Geçtiğimiz günlerde Demokrasi İçin Birlik (DİB) hareketinin kurucularından, eski AİHM Yargıcı ve tecrübeli siyasetçi Rıza Türmen ile, “Dünden Bugüne DİB”i ve Türkiye’nin siyasi gündemini, “Demokrasi Güncesi” isimli programımızda konuştuk.
Programda Türmen’in uluslararası hukuk tecrübesiyle yaptığı teşhis oldukça önemliydi ve aslında giderek artan; buna rağmen marjinal hale getirilmeye çalışılan toplumsal drenişlerin nedenlerini de açıkça tarif ediyordu: “2025 eşiğinde Türkiye, artık bir otoriter rejim inşa ediyor. Bu ortamda siyaset yapma imkânı kalmamış, geriye tek bir meşru yol kalmıştır; Toplumsal Direniş.”
Bu söyleşiyle eş zamanlı olarak, direnişi örgütleyen kurumlarda; örgütlerin ve bireylerin içindeki sinsi mekanizma olan “inhibitif iktidar” kavramı da konuşuldu. Siyaset bilimci Şebnem Oğuz’un hem programa destek mesajıyla dile getirdiği hem de daha sonra yazdığı bir makalesinde detaylandırdığı “İnhibitif İktidar” kavramı programda tartışıldı. Aslında bu tarif, çeşitli yapıların, örgütlerin, partilerin yaşadığı enerji kaybının ve genel olarak Türkiye muhalefetindeki o meşum tıkanıklığın yapısal nedenini açıklamaya çalışan bir kavram olarak daha çok tartışılmayı hak ediyor.

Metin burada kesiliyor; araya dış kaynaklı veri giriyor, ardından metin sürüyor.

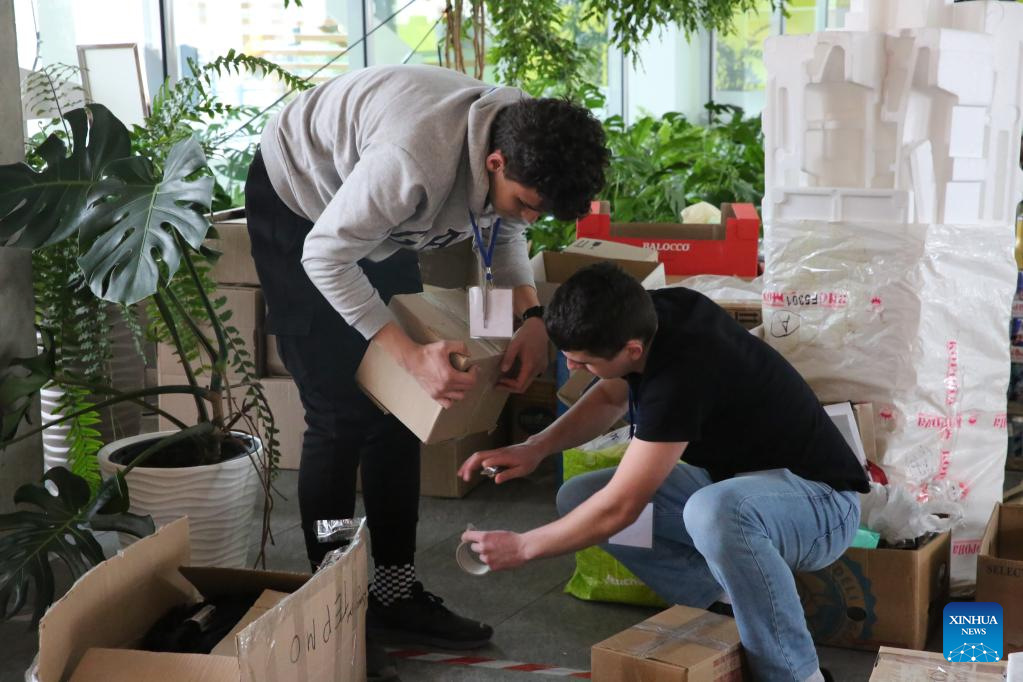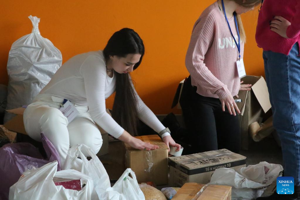 Students arrange supplies at a university in Lviv, Ukraine, March 1, 2022. (Xinhua/Chen Wenxian)
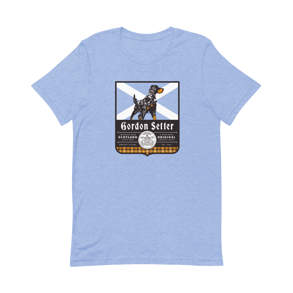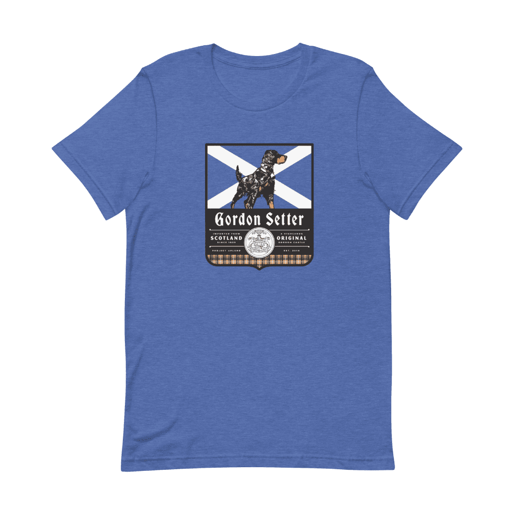 The Gordon Setter is a famous Scottish pointing dog breed with a storied history in both North American and abroad. This shirt features the Scottish flag along with the first U.S. importing date of 1839.
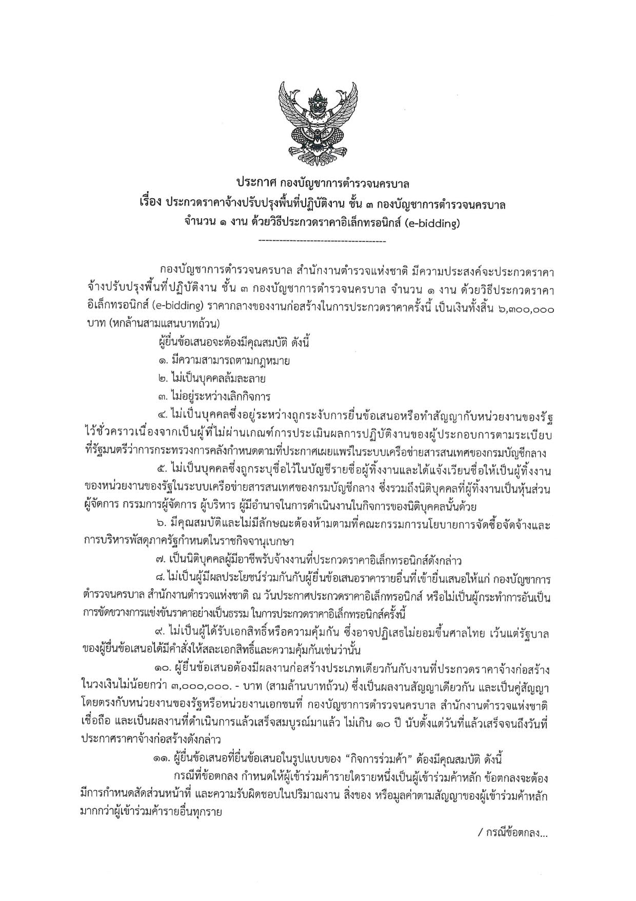 ประกาศ กองบัญชาการตำรวจนครบาล เรื่อง ร่างประกาศประกวดราคาจ้างปรับปรุงพื้นที่ปฏิบัติงาน ชั้น 3 บช.น.

Yeni Özneyi Bastırmayan, Sadece Askıda Tutan İktidar
Oğuz’un tanımına göre bu iktidar biçimi, bildiğimiz baskı rejimlerinden farklı işliyor. Yeni bir öznenin veya fikrin ortaya çıkmasını doğrudan çatışmayla bastırmıyor. Tam tersine, son derece kibar, kurumsal olgunluk süsü verilmiş teknik açıklamalarla harekete geçme olanağını engelliyor. Bu teknik açıklamalar ise yüzeyde gayet makul görünüyor: “Şartlar uygun değil,” “bu dönem mümkün değil,” ya da “önce başka şeylerin çözülmesi lazım.” Ancak işlevleri çok açık: Yeni bir öznenin yaratabileceği değişim ihtimalini sürekli erteleyerek etkisizleştirmek ve mevcut yapının kendi dengesini sarsılmadan korumasını sağlamak. Oğuz’un belirttiği gibi, bu tekniğin en tehlikeli yanı ise yurttaşı askıda tutması.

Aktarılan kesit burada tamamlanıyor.